Gap Inc. also made a $200,000 donation to the group.

The ads are set to "You Ain't The Problem,"by Michael Kiwanuka.

Besides running on the company’s social channels, the ads are set to begin in early March on Hulu, NBCU, Warner Media, ViacomCBS, ABC and FOX. The campaign is also scheduled to appear in digital, with Complex, Vevo and Snap.

While it's too soon to say what the campaign's social impact may be, Alderete says she’s encouraged by the casts' social media posts, the content they've created and their followers' reactions.

"We're trying to build an authentic community," she says. "And the support from their friends and followers acknowledging their role in the work is amazing. We believe it will continue to engage consumers and ultimately create anticipation for who will be next in the GAP ads," she says.

Alderete says Gap's signature vibe of American optimism is especially relevant right now, as consumers look to simplify their lives and turn to reliable brands.

It’s part of the company’s pivot away from straightforward fashion "what to wear" messages, focusing instead on the idea of being a catalyst for change. "Our consumers are really responding to this approach because it's aligned with their values, too. They recognize the iconic, culture-shaping Gap brand they knew, now coming forward in a more relevant way that reflects the cultural zeitgeist."

As proof of this trend, she points to a surge in organic TikTok videos of the classic Gap logo hoodie, with a vintage hoodie recently selling for $200.

"We are adjusting our product development and timing to respond to this enthusiasm," she says.

The spring line emphasizes the comfort and ease of basics,  like a pocket tee, iconic white shirt, the hoodie in bright colors and an oversized denim jacket.

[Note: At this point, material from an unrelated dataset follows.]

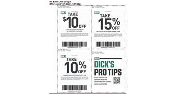 We have a partnership with Dick's Sporting Goods for the 2023 season! They are offering coupons just for MELL families to use for the holiday season! They work in store and online! You can access theĀ
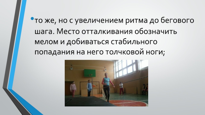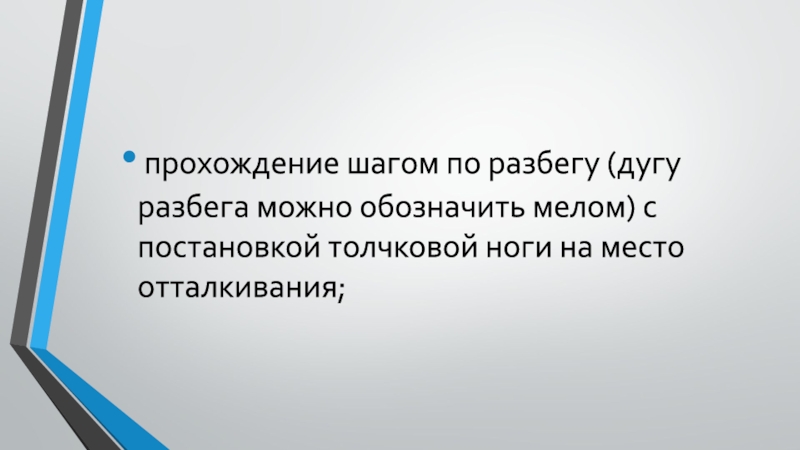 Слайд 10 прохождение шагом по разбегу (дугу разбега можно обозначить мелом)

Sustainability is also a key part of the launch, with the capsule collection launching on World Water Day.

But so far, none of that optimism has shown up in sales. In its most recent quarterly results, sales at the company's Gap division dropped 14%, with comparable sales declining 5%. In part, that's due to a reduced store fleet and lower traffic trends. Last fall, it announced it would shutter 30% of its Gap and Banana Republic stores -- roughly 350 units -- by the end of 2023.